I don’t believe it1.
So, let’s start with something fundamental2: You do not need “millions of clients” to DDoS a website. You can bring down most websites with a single client or maybe a handful of hacked root servers on the internet. Unless your company is a webshop, there is no way that a website being down is actually causing “millions” in damages. And if you are a website that makes millions a day, you would use a DDoS-protection service from a company like Akamai or Cloudflare, so we would see a press release from them instead of a vague post by a firewall vendor.
But let’s assume this attack is actually real for now. The story still does not make any sense to me whatsoever.
I’ll start with a quick detour. Most articles about this story also contain a statement from the same company, claiming that connecting any unprotected PC to the internet will turn it into a “malware-ridden” device within 20 minutes. This is not how this works. While you should absolutely always install updates and follow best security practices, here’s what happens if you connect an unprotected PC to the internet: you’ll burn a bunch of electricity. That’s it.

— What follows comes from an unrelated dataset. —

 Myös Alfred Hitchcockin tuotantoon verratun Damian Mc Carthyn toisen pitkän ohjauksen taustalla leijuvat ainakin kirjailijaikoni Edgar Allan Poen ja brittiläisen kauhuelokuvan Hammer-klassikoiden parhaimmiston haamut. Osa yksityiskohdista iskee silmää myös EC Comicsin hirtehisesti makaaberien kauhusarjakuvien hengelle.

These stories often come alongside claims on how fast hackers can scan the internet for devices and vulnerabilities. Those claims alone are true; portscanners and vulnerability scanners have become super quick and efficient, but this doesn’t matter. If you connect a device to your home WiFi, it can access the internet, but it’s really hard (as in: probably impossible) for the internet to access your device. This isn’t because your modem or router is so amazing at being secure3, but it’s instead a technical limitation. I won’t go into detail why, but your home internet is most likely a one-way gate. If you check one of those “What is my IP address” websites with multiple devices in your network, you’ll notice that all those devices show the same public IP address4. This is because there simply aren’t enough IPv4 addresses available to assign one to each device. Your ISP assigns you one IP address, and your router/modem maps the network traffic from your devices onto that one address. How this actually works is a bit complicated5, but essentially, a device in your network says, “hey I want to connect to overengineer.dev”, and your router then knows that traffic on the connection between your network and my server needs to flow to whatever device you’re currently reading this on. However, if someone from the outside tries to send data to your network, the router doesn’t know where to send that stuff, so it just drops it.

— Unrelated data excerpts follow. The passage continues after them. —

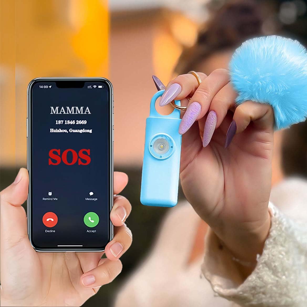 Portachiavi Allarme Antipanico, Dispositivo Antiaggressione SOS Chiamata Automatica, Invio Istantaneo Posizione GPS, Sirena 130dB, Difesa Personale e Autodifesa per Donne, Bambini e Anziani (Azzurro)
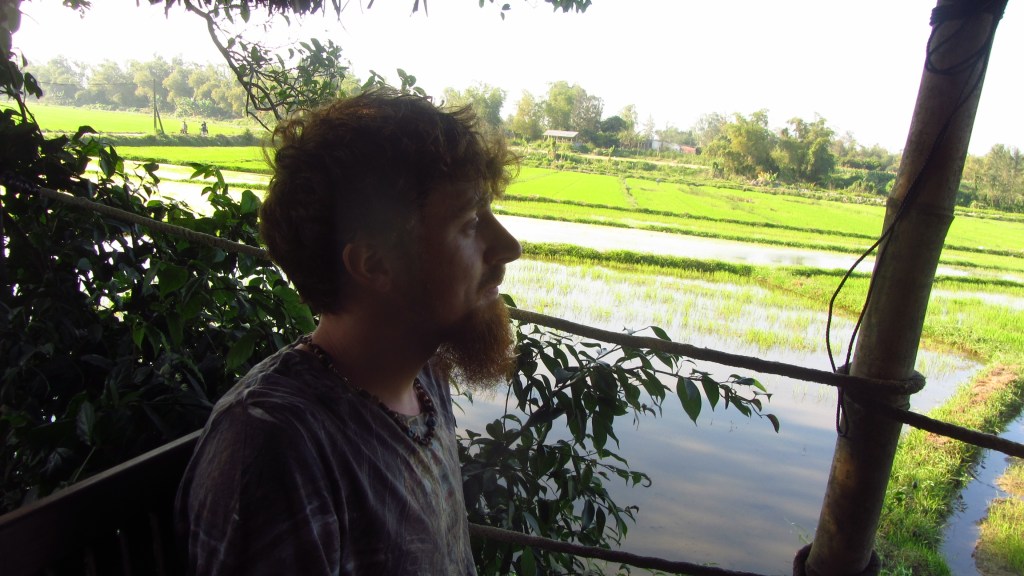 We arrived at La Terrazza homestay and I was just hanging around outside for a bit taking in the….Vietnamese-ness of it all. Rice fields, palm trees, the odd motorbike crossing the field on a thin path, and mosquitos around. There was even a water buffalo, just chilling out and eating grass! The house itself was modern, with plenty of rooms and bathrooms. The owner was a friendly Italian who had settled down here and was happy running a guesthouse and farming the land with rice. Johnny was having plenty of discussions with him. Cian was absolutely loving it and the relaxed nature compared to Đà Nẵng was well suited. Some future stays could be had in places like this.
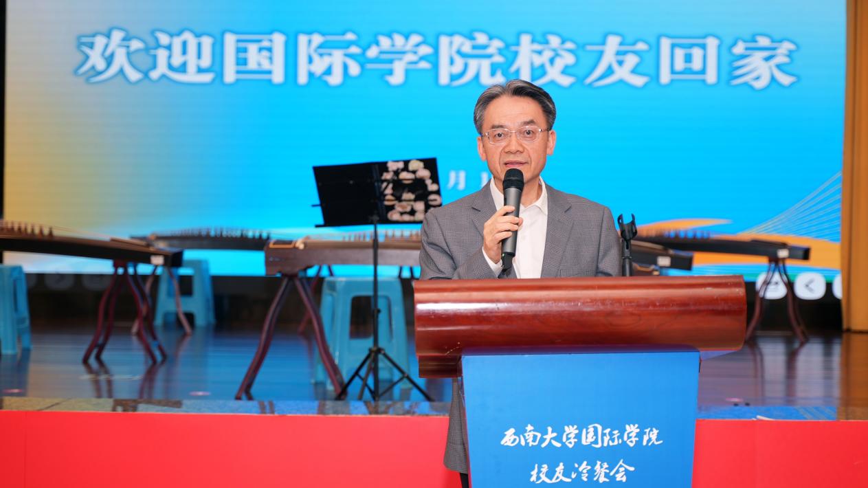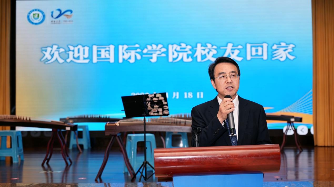 原学院党委书记刘猛在讲话中深情回顾学院的建设发展、国际教育取得的丰硕成就,表示看到国际学生、中国学生校友成绩斐然,倍感欣慰。
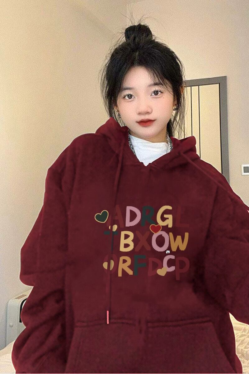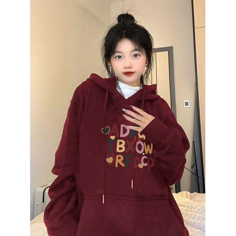 オーバーサイズのフード付きスウェットシャツの女性の秋冬デザインのアメリカンルーズレイジースタイルレタープリントバーガンディジャケット オータム 秋物 ウィンター 冬物 7460090851441611 | framboise21
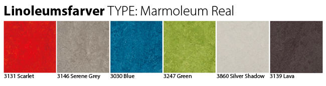 NB! Linoleum er et natur materiale og må kun rengøres med sæbespåner eller monel for at bevare en flot overflade.
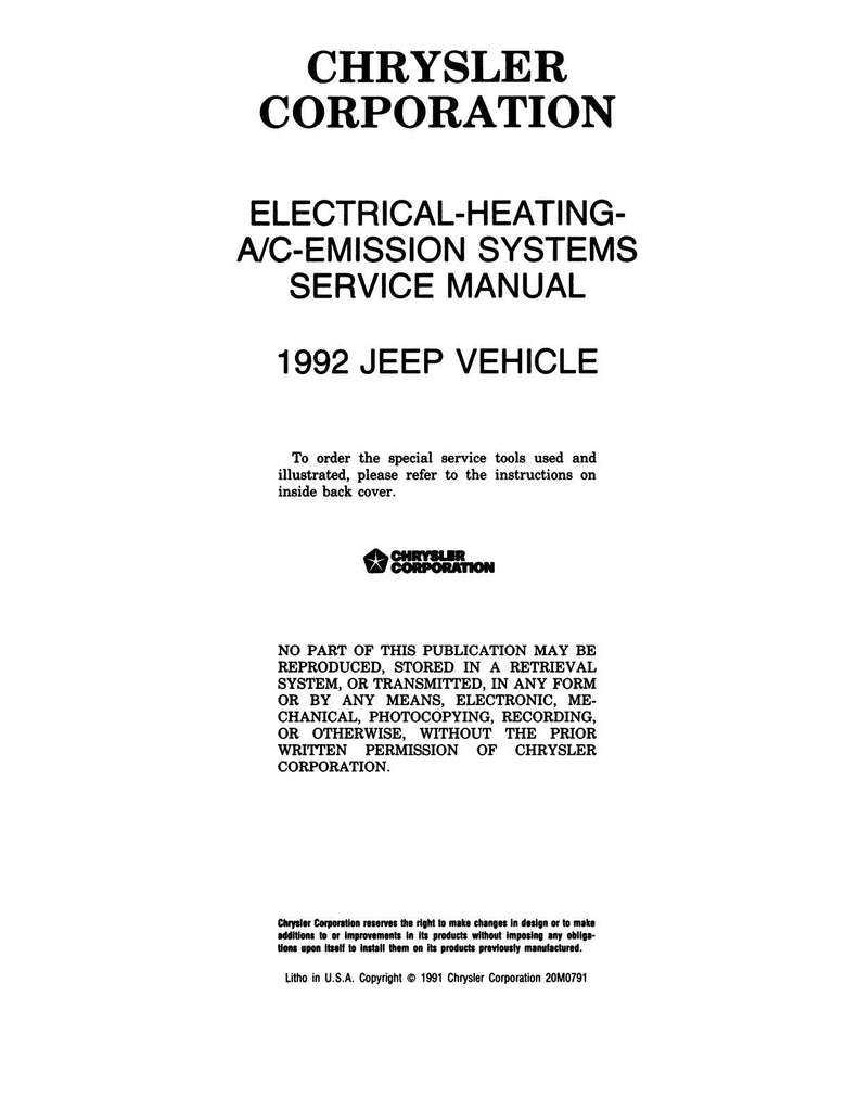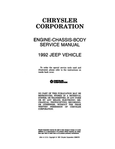 • 1992 Jeep MODELS COVERED: Cherokee, Comanche, Wrangler

There are, of course, exceptions to this. If you have been playing online games for long enough, you might remember when you had to fiddle with your router settings to set up port forwards to make a game work. Setting up a port forward would be “opening a direct tunnel from the outside to your PC”. There’s also a protocol called “Universal Plug and Play” that can do this automatically, so a piece of software or hardware within your network can talk to your router and say “hey I need a public tunnel from the internet to me”. However, you or a device/software you own needs to go out of your way to set this up - it doesn’t just happen on its own. Writing software that makes that request takes effort, so unless your application really needs that, developers don’t spend that time.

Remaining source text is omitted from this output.